Caterpillar of one of the Leucanella family of moths, Arenal (photo: Peter)
If nature has anything more like a decorated turd, I don't want to see it

I was confident we were going when we sat down to dinner. Lynne ate, but did not do justice to an excellent meal. She started coughing when we went to bed and coughed solidly all night. I might have had 60 minute’s sleep, but probably less. At some time in the small hours she said quietly ‘I can’t get on that plane like this.’ My mind had been so set on going, that was the first time I realised the trip was in jeopardy. Removing my head from the sand, I could see it was impossible.

Intended Stop 3: the Monteverde Cloud Forest

Instead of being driven to Gatwick, I drove us home. Lynne went to bed with a lung infection and stayed there for most of the next fortnight. The cough subsided, but the tiredness lingered.

In Conclusion

The first cancellation was just Covid, it was not the only trip we cancelled that year. The second was, I am sure, unnecessary but looking at it from the point of view of the doctor I cannot see what else he could have done, and he left us with no real choice but to cancel. With hindsight it was clear that from the moment Lynne was sent for a chest x-ray the consequences had to play out, but instead of foreseeing the problem we just sleepwalked into it – and the timing could not have been worse. Cancellation three was just unlucky.

Will there be a fourth attempt? Who knows?

Costa Rica 2024

My In Conclusion was a bit too quick. On my birthday in September, I received a communication from my sister, Erica. It was a birthday greeting of the kind you would expect between siblings who live 200 miles apart and so do not see each other often. The final paragraph read I think it is time to fess up that our main holiday this year is to Costa Rica. I did not say anything previously as we did not want to appear as though we were doing a one-upmanship thing on you. I do know that you are far more mature than to think that… and of course I am. I wished them (Erica and husband Peter) well and was glad that one of us would get there, even if it was not me.

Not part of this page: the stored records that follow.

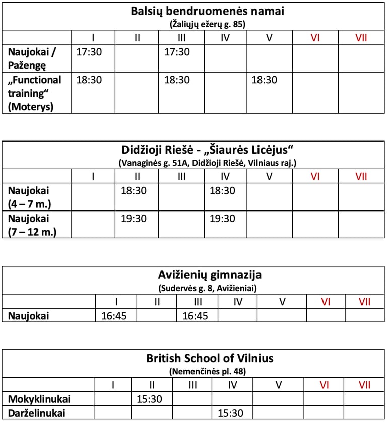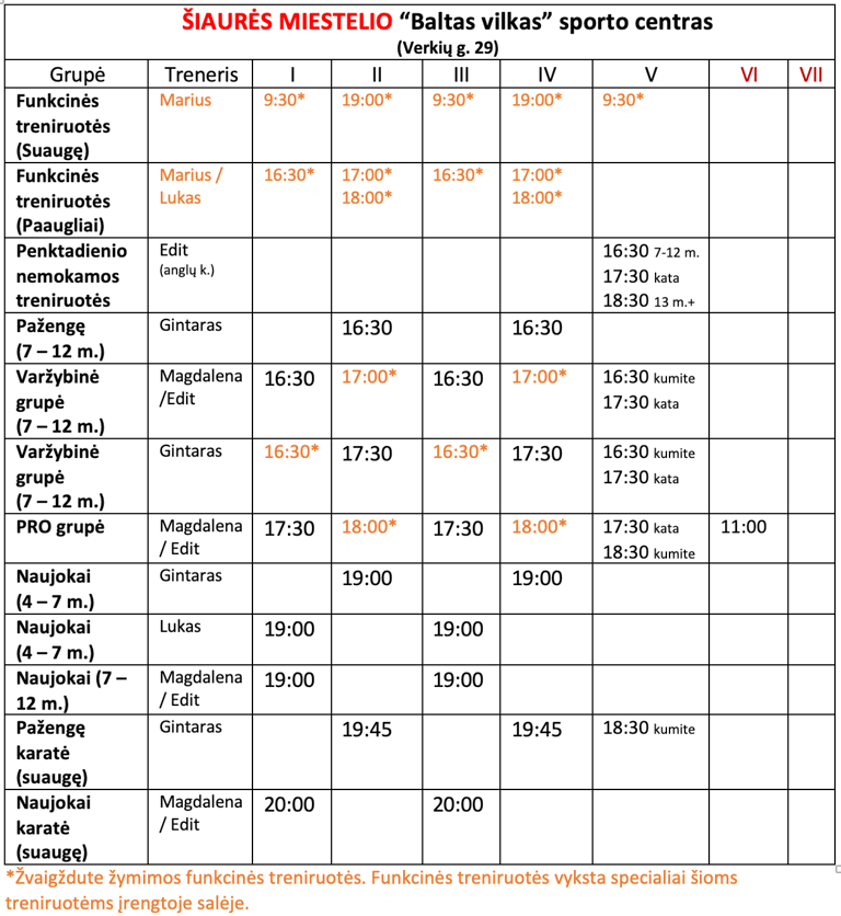 TRENIRUOČIŲ TVARKARAŠTIS
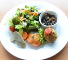 - 人気の有機豆腐と地鶏のハンバーグを野菜いっぱいソースで
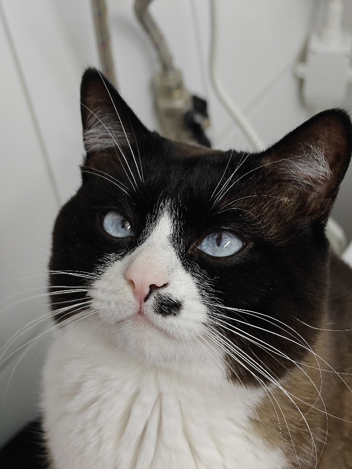 - "A close-up shot reveals a snowshoe cat with striking blue eyes, a pink nose marked with a black spot, and long white whiskers" by FM-eMutn2, licensed under CC BY 4.0
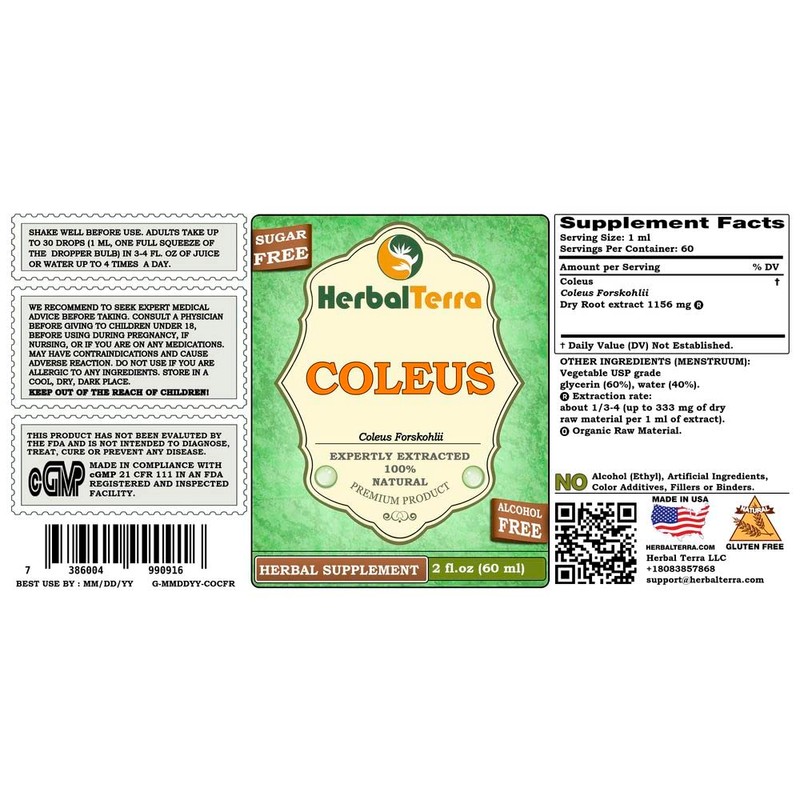 - We made this Coleus liquid extract using ONLY natural ingredients! This extract does not contain Alcohol, GMO, gluten, artificial colors, heavy metals, preservatives, pesticides or fertilizers!

My sister Erica and her husband Peter

They booked with a company well-known for sending people to far-flung places. Initially they told them they would fly to San José, the capital of Costa Rica, from Heathrow via Montreal – considerably less of a detour on a globe than it looks on a flat map. A little later they changed this to Heathrow – Frankfurt – San José and then to Heathrow – Miami - San José.

At American airports, unlike all other airports, the segregation between airside and landside only happens at the gate, so once disembarked they cannot separate those who have reached their final destination from passengers in transit. Consequently, everybody must go through the whole rigmarole of entering the USA, and transit passengers must then exit again. To enter, even for an hour, you require a visa or at least a visa waiver.

Side-striped palm-pit viper, Monteverde (photo: Peter)
Good news, a bite is nasty but not fatal to humans (usually)

To receive a visa waiver you must apply by ESTA (U.S. Electronic System for Travel Authorization.) This takes time and costs money, so Erica did not do it immediately in case the company changed their minds again. Once that seemed unlikely, she sat down to complete the on-line form. All went well until the question have you entered Iran, Syria, North Korea or Cuba since 1st March 2011. She spent a week in Iran as a tourist in 2017. Since then, she has acquired a new passport and a new surname, so would a little fib be appropriate? She was tempted, but the consequences of being caught out would be serious - who knows what sources of information governments might have - and one visit, that long ago? Would it matter? She did what I would have done and told the truth - and it did matter. Within the hour she and Peter knew their applications had been rejected.

A bird-feeder in Monteverde is visited by two of the 366 species of hummingbird tentatively identified as:
left a female purple throated mountain gem (the males have the purple throats) and right a green-crowned brilliant

By then it was too late to apply for a full visa – and would it be granted, anyway?

The curse of Costa Rica was striking again.

The travel company were unsympathetic. A cancellation at that stage would mean no refund from the company and their travel insurance would not cover it.

Intended stop 4: The Beach. We intended to stay Sámara, thus photo is of sunset at Tamarindo, 50 km to the north.
I doubt they are very different. (photo: Peter)

But why cancel when there are any number of ways of getting from Sussex to San José. Erica did some research and went back to the company. Eventually they offered four choices, two involved leaving on the wrong day for their pre-booked tour and one was a direct flight from Gatwick to San Jose on the right day. They live 30 mins from Gatwick Airport, so not a difficult choice. BA fly three times a week from Gatwick to San José, they would have to return via Madrid (BA and Iberia are essentially the same company) but that was a minor inconvenience.

So, everything was solved, but still Erica said she would not believe they were going until wheels met tarmac in San José.

Teatro Nacional, San José

And the curse of Costa Rica is not so easily sidestepped. The belated end of the rainy season brought a deluge of biblical proportions. Costa Rica closed down and the Foreign Office advised against all but essential travel.

Just in time the flood abated, the waters receded and a dove was seen flying eastward across the Atlantic with an olive branch in its beak. The curse of Costa Rica was finally lifted.

Erica and Peter enjoyed their holiday, if it was at times a little damp,...

Erica enjoying the rain

... and I am grateful to them for this story and the wildlife photos above.

Friday, 15 November 2024

Eating the Algarve 2024

Originally posted in 2011, Eating the Algarve had a major rewrite in 2022 and since has been updated yearly.

Introduction


Portugal
For me food ranks high among the pleasures of travel and 'eating local'is important. In a very few countries eating local is a chore, endless mutton in Mongolia (there is no choice) or two kebabs a day in Iran (I hear menus have diversified since 2000) leap to mind, but I have a much longer list of lands, from China in the east to Cuba in the west where dinner is a delight. Portugal ranks highly amongst them.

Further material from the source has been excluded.